An important reason to use finalsize for final size
calculations may be speed — finalsize::final_size()
is much
faster than epidemics::epidemic_size()
applied to
epidemics::model_default()
. This makes it much more
suitable for high-performance applications such as fitting to data.
The benchmarking shows that the total time taken for 1,000 runs using both methods is very low, and both methods could be used to scan across multiple values of the input parameters, such as when dealing with parameter uncertainty.
# run benchmarks using {bench}
benchmark <- mark(
analytical_method = final_size(
r0 = 1.5,
contact_matrix = contact_matrix,
demography_vector = demography_vector,
susceptibility = susceptibility,
p_susceptibility = p_susceptibility
),
ode_model = epidemic_size(
model_default(
population = uk_population,
transmission_rate = transmission_rate,
infectiousness_rate = infectiousness_rate,
recovery_rate = recovery_rate,
vaccination = vaccinate_elders,
time_end = 600, increment = 1.0
)
),
iterations = 1000,
time_unit = "s",
check = FALSE
)
# view the total time for 1000 runs in seconds
select(as_tibble(benchmark), expression, total_time)
#> # A tibble: 2 × 2
#> expression total_time
#> <bch:expr> <dbl>
#> 1 analytical_method 0.464
#> 2 ode_model 10.8
Note that some model runs using epidemics that implement more complex compartmental structure, or multiple interventions and vaccination regimes are likely to be slower than the example shown here.
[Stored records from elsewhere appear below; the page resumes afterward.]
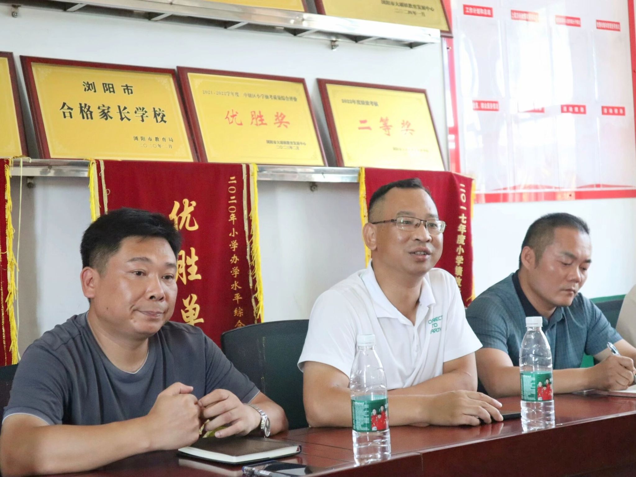会议伊始,胡景喜、刘良茂、邹晖与团队成员分别自我介绍。随后,刘良茂强调夏令营期间学生的安全和学习问题,希望团队成员通过素质拓展课程提高学生的综合素养;胡景喜回忆双方的友好合作并对此次夏令营表达肯定与期待,他表示会提供力所能及的帮助;邹晖与团队成员探讨确定夏令营作息时间并补充要树立节约意识、爱护公共财物。最后,双方合影留念。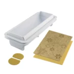 Le Kit contient : la gouttière à bûche en plastique rigide (non adapté au four) + 2 tapis en silicone platinium (1 tapis avec texture lisse et 1 tapis avec des décors flocon de neige).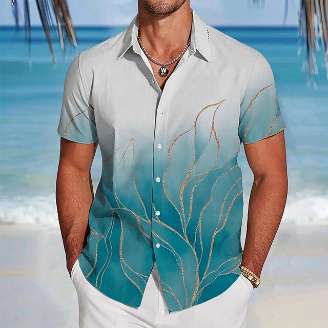 Men's Leaf Gradient Color Tropical Plants Shirt Summer Hawaiian Shirt Button Up Shirt Short Sleeve Hawaiian Resort Vacation Holiday Beach Wear Summer Spring Turndown 3D Print Collared Shirts Blue 7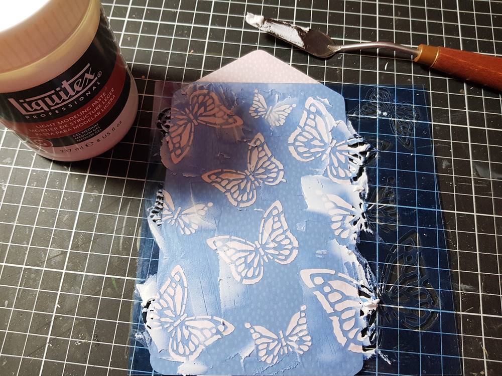 ▼ I decided to give the background some texture by using the stencils along with modeling paste. The stencils I used on these two tags are 6" Monarch Butterfly and 6" Quarterfoil.
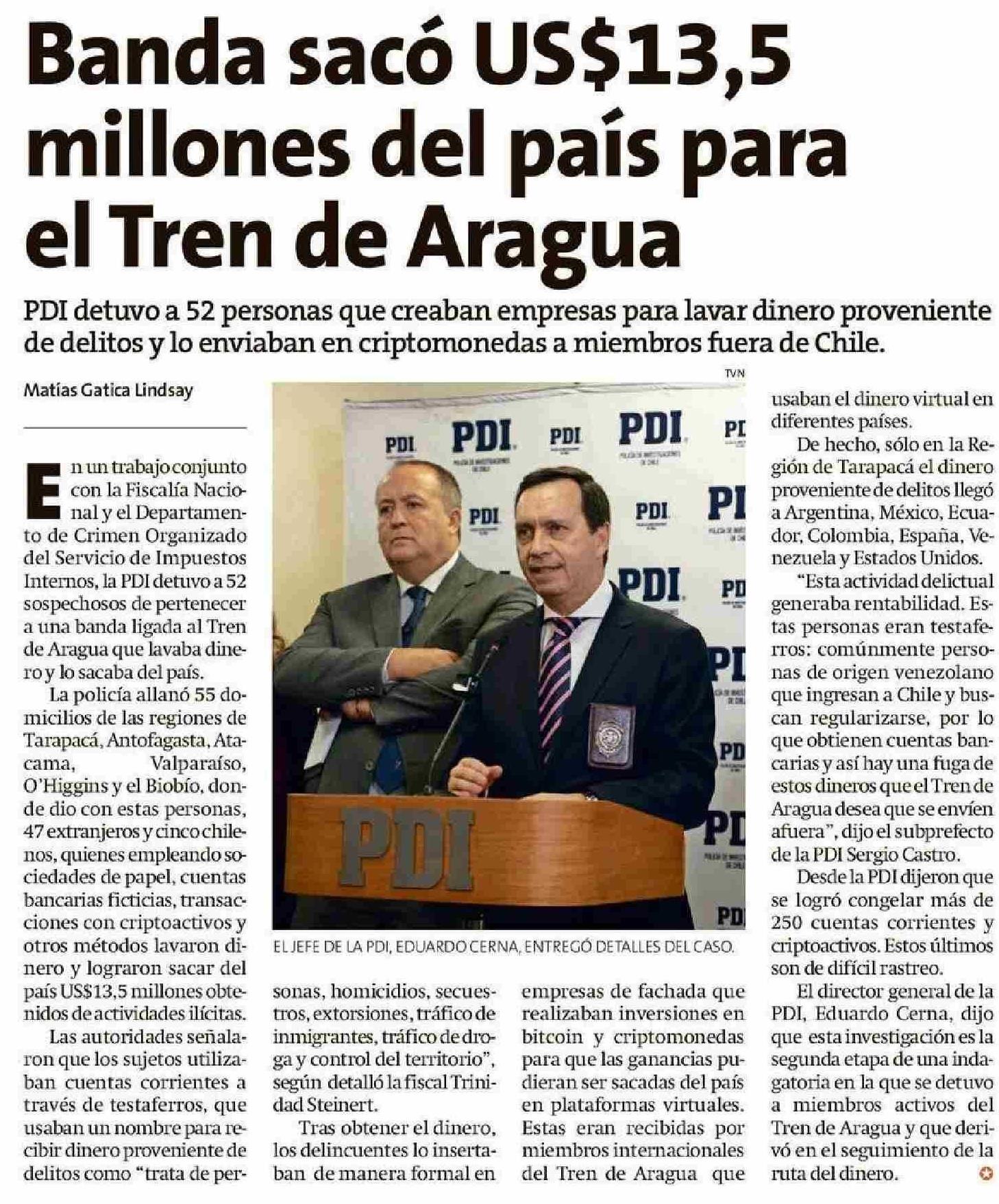 | Título: | Banda sacó US$13,5 millones del país para el Tren de Aragua |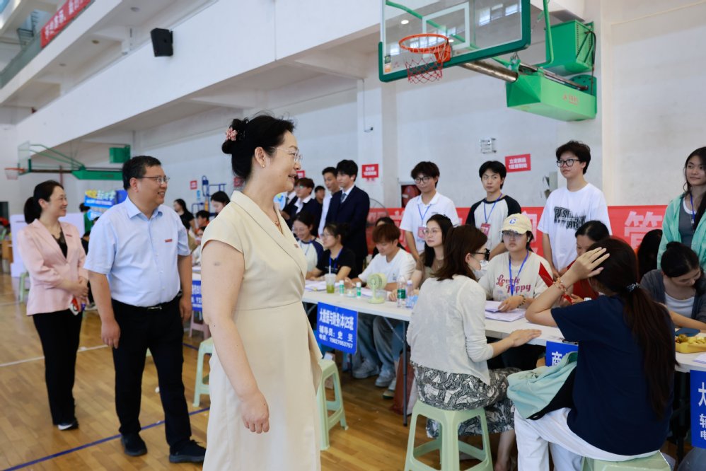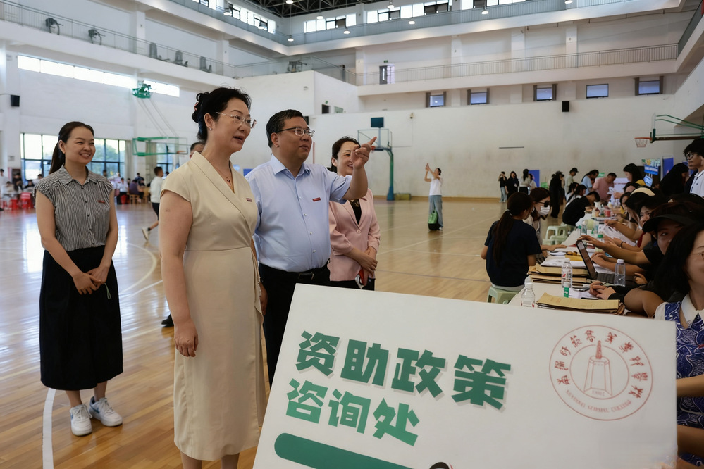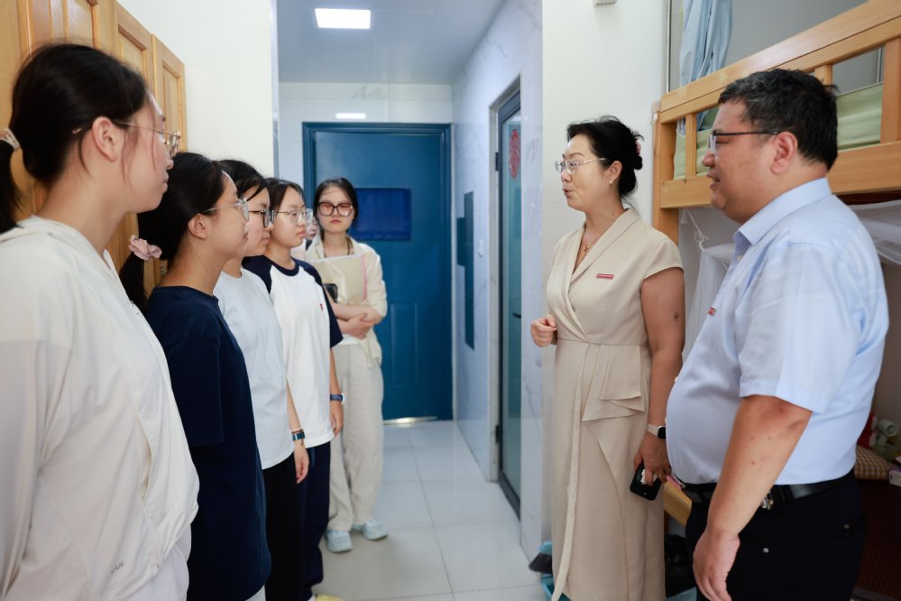 一次亲切交流——校党委书记陈玉君、校长岳峰、副校长杭斌、副校长赵园园、宣传部部长马文娟等领导班子成员先后深入各校区迎新报到点、学生宿舍,亲切看望新生,并与他们热情交流。“从哪里来?”“报到顺利吗?”“生活上还有什么困难?”每到一处,校领导都细致询问同学们的实际情况,并勉励他们尽快适应新环境、珍惜大学时光、树立远大志向。在七年制定向生宿舍,领导们既记挂着同学们的“未来”:“你们是未来的教育者,要做照亮别人的‘灯塔’,带动学校其他同学一起进步,以后为南通基础教育添份力”;更牵挂着大家的“日常”:“离开了父母,要学会独立、学会生活,要关爱室友,学会照顾他人……”。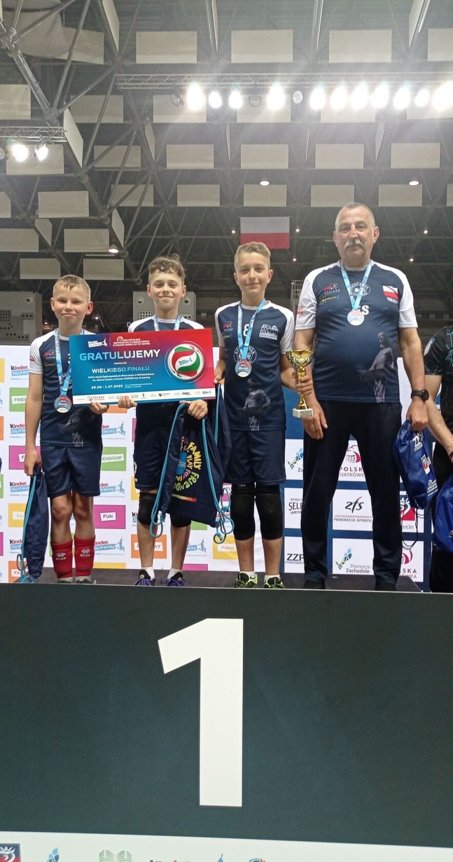 Młodzi sportowcy i trener na podium z trofeami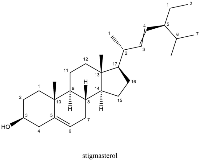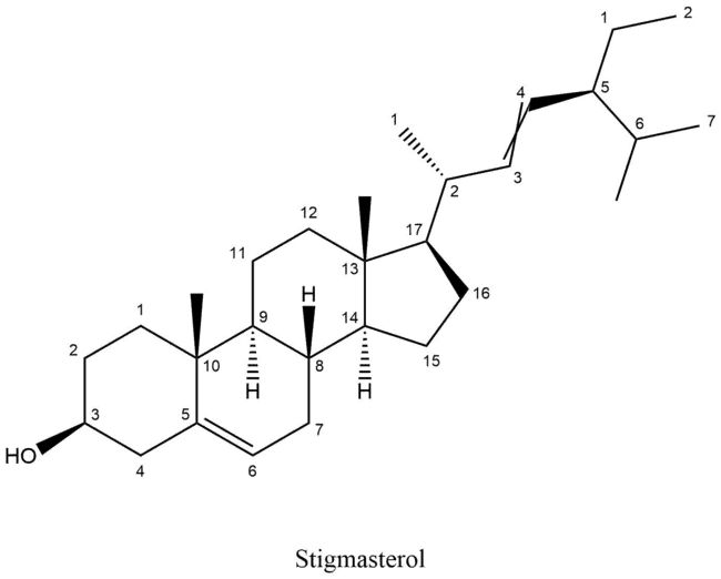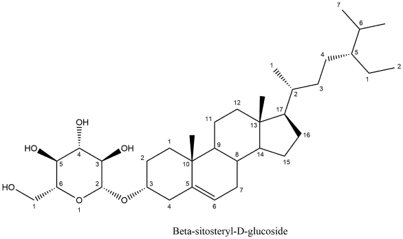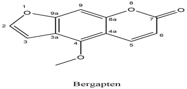 Germanicol acetate (56), Psoralene (57), Bergapten (58), Vanillic acid (59), Catechin(60), Genistein (61), β-Sitosterol (62), Stigmasterol(63) [51, 52]. |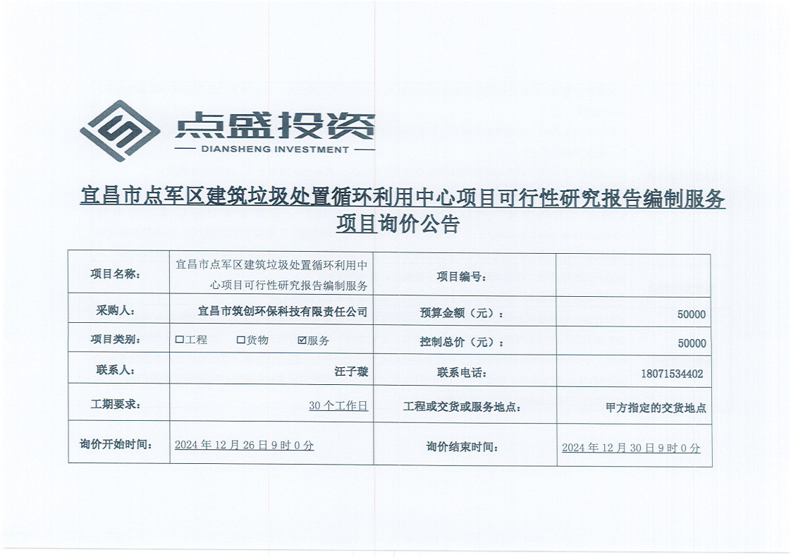 宜昌市點軍區(qū)建筑垃圾處置循環(huán)利用中心項目可行性研究報告編制服務項目詢價公告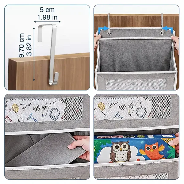 Acest organizator este grozav pentru jucăriile copiilor mei. Animalele de pluș, mașinuțele și cărțile de colorat încap perfect. A fost ușor de agățat și de unul singur.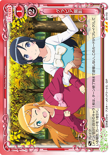 | [アプローチ/両方]:自分の「新垣 あやせ」1枚のAP/DPの値を、ターン終了時まで50/50に変更する。 | ||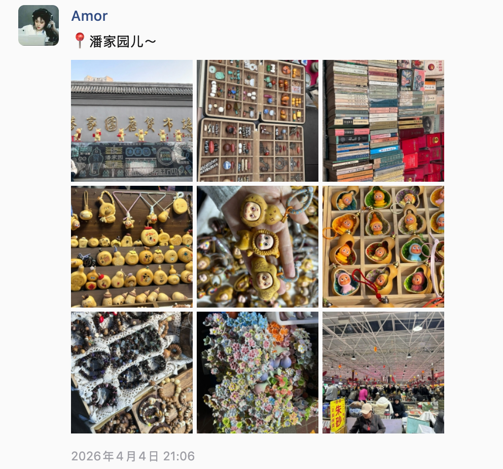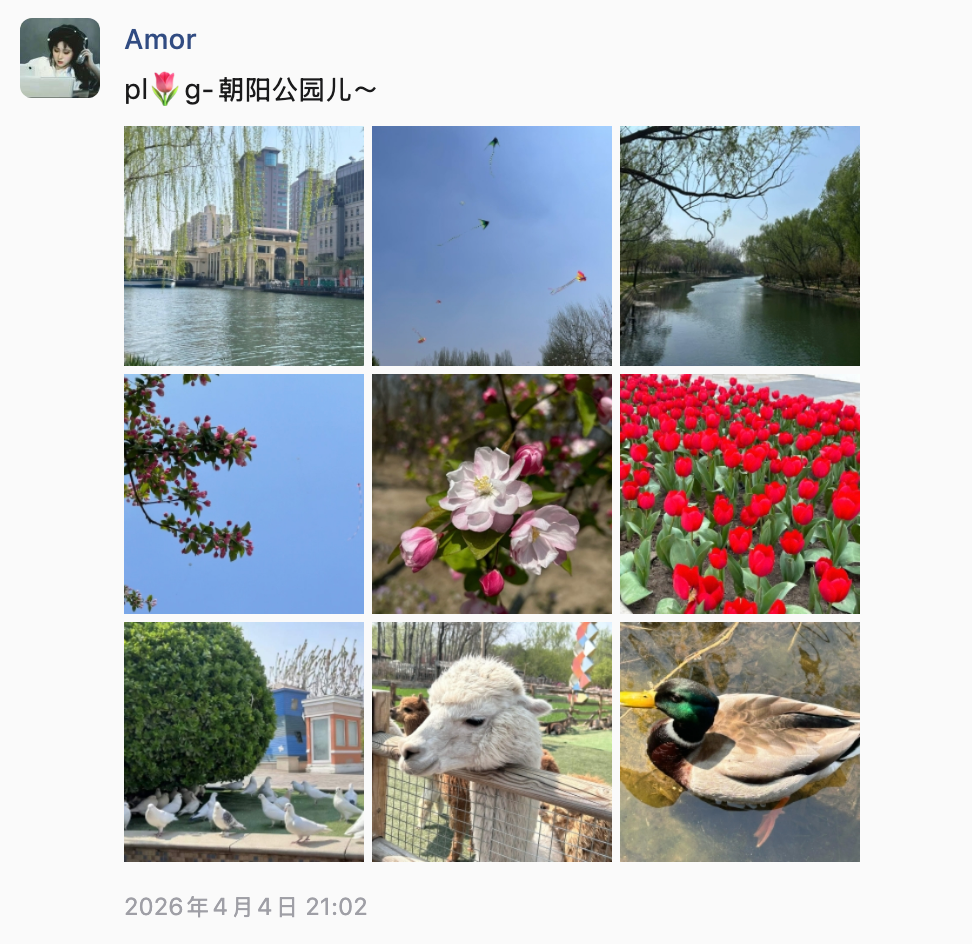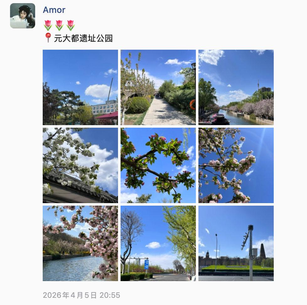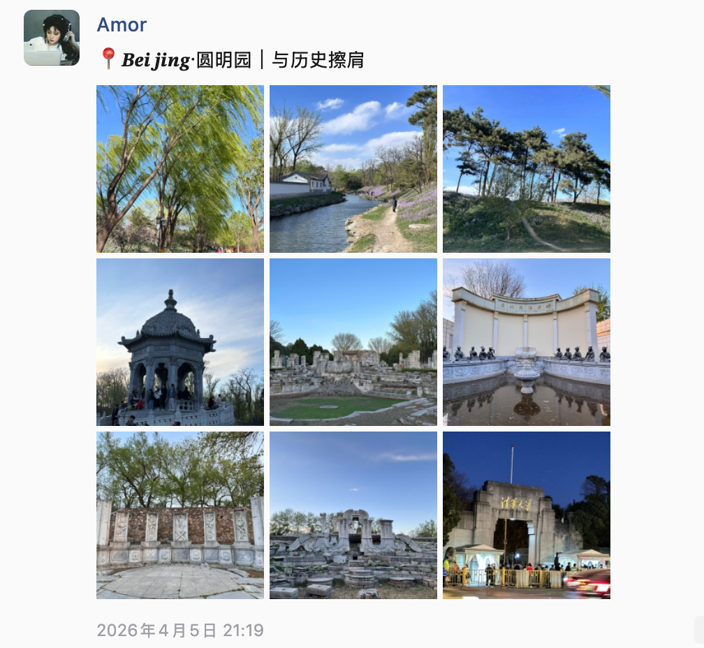 2026-清明 公园散步,感受阳光 经历 日期 事件 备注 图片 04.03 王彤请假来北京;带了很多吃的,行李很重;见面王彤说她心跳噗通噗通的 - - 04.04 早上:小谷姐姐麻辣烫;中午:出发去朝阳公园;出公园后去商场吃的米村拌饭;做地铁去潘家园,看了眼镜,在古玩市场买了星星人;晚上回来泡面吃 - 04.05 早上: 西四包子铺 中午: 元大都遗址公园 下午:突发奇想去了圆明园晚上回来精疲力尽了,吃了小区门口的眉州小吃 - 04.06 早上: 小谷姐姐麻辣烫;中午: 打卡赵雷的《十九岁》提到的地名:南锣鼓巷下午: 点了外卖俏湘厨晚上: 送王彤去地铁站;王彤打车回家 - - 备注 准备买下自拍杆,我社恐,不好意思让陌生人帮我们拍合照 身体欠佳,出门就一直留鼻涕,感觉像是花粉刺激? 准备一套睡衣,体验生活 调整作息,在王彤的带领下,已经知道早睡的秘诀了,关灯,看一会儿手机就困了 评论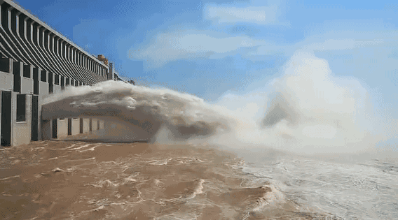 ▲泄洪中的三峽大壩
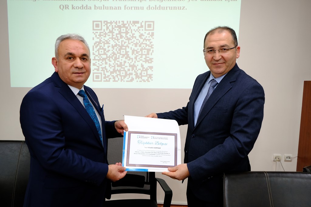 Açılış konuşmalarının akabinde “Hazine ve Maliye Bakanlığı gelir İdaresi Başkanlığı Tanıtım ve Kariyer Basamakları ve e-Uygulamalar” konusunda detaylı bilgiler dinleyicilere aktarıldı. Program sonunda konuşmacılara teşekkür belgesi takdimi yapıldı.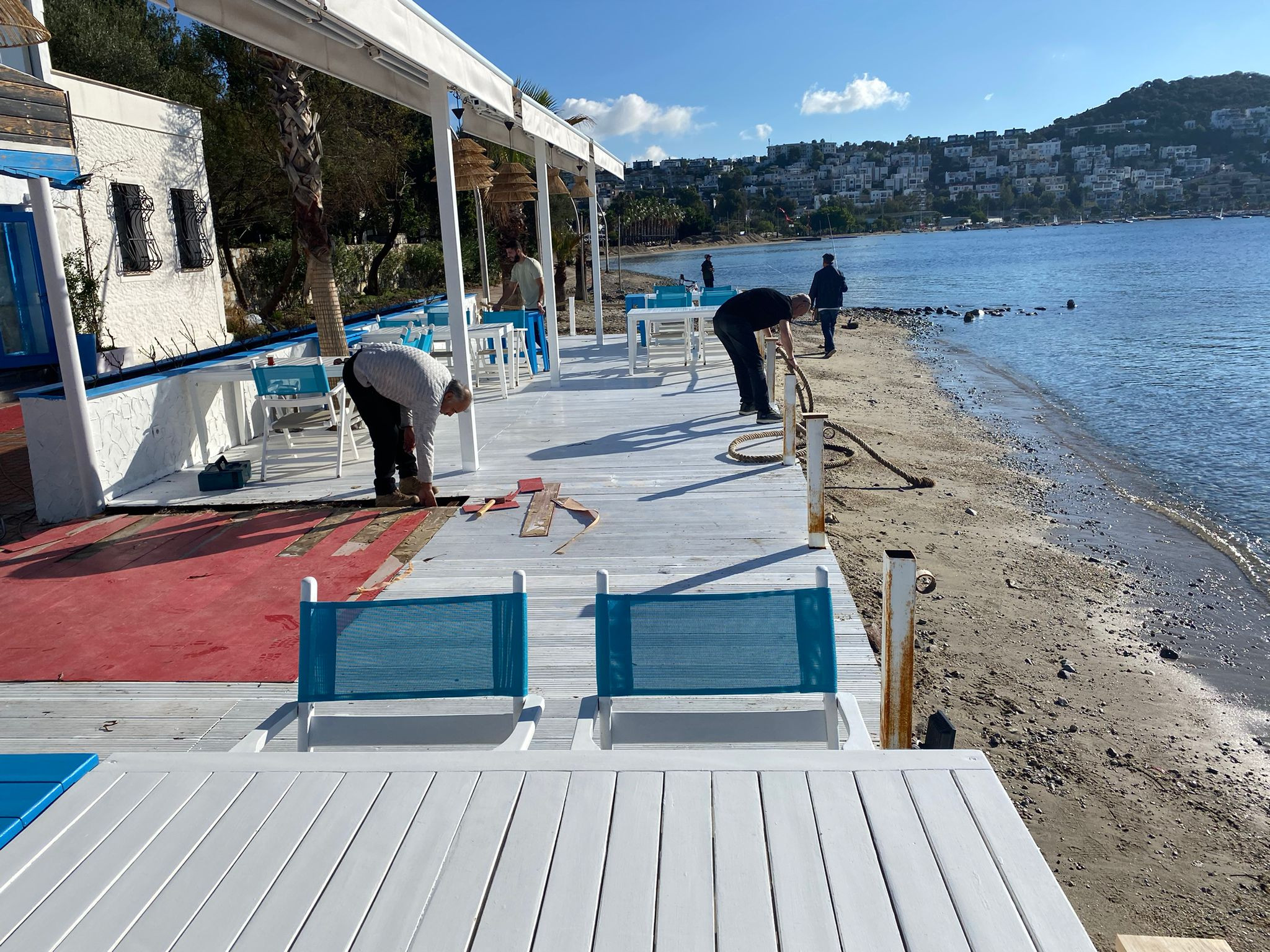 Belediye ekiplerinin müdahalesi sonucu, Bitez sahilde kıyı işgaline sebep olan ahşap platform sökülüyor

However, users should choose finalsize only when the assumptions underlying a final size calculation are met. For example, in cases where vaccinations are concurrent with a large number of infections, or when interventions are applied to reduce transmission, the final size assumptions are not met. In these cases, users are advised to use a dynamical model such as those in epidemics instead.